Teaching

Courses

The following are courses that I have taught or have been a co-instructor. Those in italics were courses that I co-taught or guest lectured.

  • AerE 160 - Aerospace Engineering Problems With Computer Applications Laboratory
  • AerE 161 - Numerical, Graphical, and Laboratory Techniques for Aerospace Engineering
  • AerE 265 - Scientific Ballooning Engineering and Operations
  • AerE 290A - Private Pilot Ground School
  • AerE 290B - Instrument Ground School
  • AerE 461 - Modern Design Methodology with Aerospace Applications
  • AerE 462 - Design of Aerospace Systems
  • AerE 464 - Spacecraft Systems
  • E E 518 - Microwave Remote Sensing
  • CprE 584 - Modeling and Techniques for Embedded Systems
  • AerE 361 - Computational Techniques for Aerospace Design
  • AerE 294 - Make to Innovate I
  • AerE 494 - Make to Innovate II

The following is my current teaching load

  • AerE 361 - Computational Techniques for Aerospace Design
  • AerE 294 - Make to Innovate I
  • AerE 494 - Make to Innovate II

Teaching Philosophy

Our goal as teachers is to impart our knowledge to our students to better prepare them for the challenges they will face as future engineers.  There are many ways this can be accomplished and many papers that cover a multitude of pedagogies that can be used.
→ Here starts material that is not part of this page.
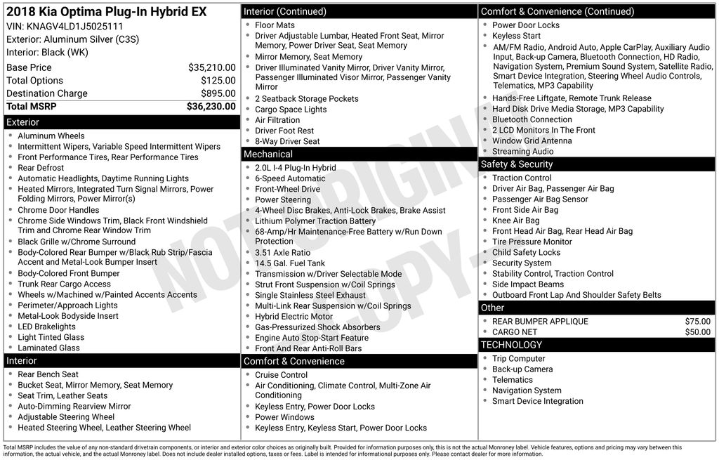 2018 Kia Optima Plug-In Hybrid EX Recent Arrival!

But at the end of the day, the objective for our undergraduate students is to have learned the following four items:

  •     Master the basic engineering skills
  •     Have the ability to apply their knowledge
  •     Understand what it means to be an engineer
  •     Obtain the tools to continue learning beyond the classroom

As teachers, we succeed in this goal if our students obtain these skills and understand how to apply those skills to engineering problems.  I feel that if a student also acquires skills to continue learning beyond the University, they have truly mastered what it means to be an engineer.  Engineering is always in a state of change; only those who continue to learn new things in engineering, even beyond their college years, will have mastered it.  
To accomplish this, my concept of teaching believes in student engagement in the learning process.  The student must be engaged in the learning process and want to learn the materials.  On the other hand, the instructor must also be involved in the learning process.  Without engagement from both parties, authentic learning cannot happen.  When both parties are engaged in the learning process, both parties will benefit from the process.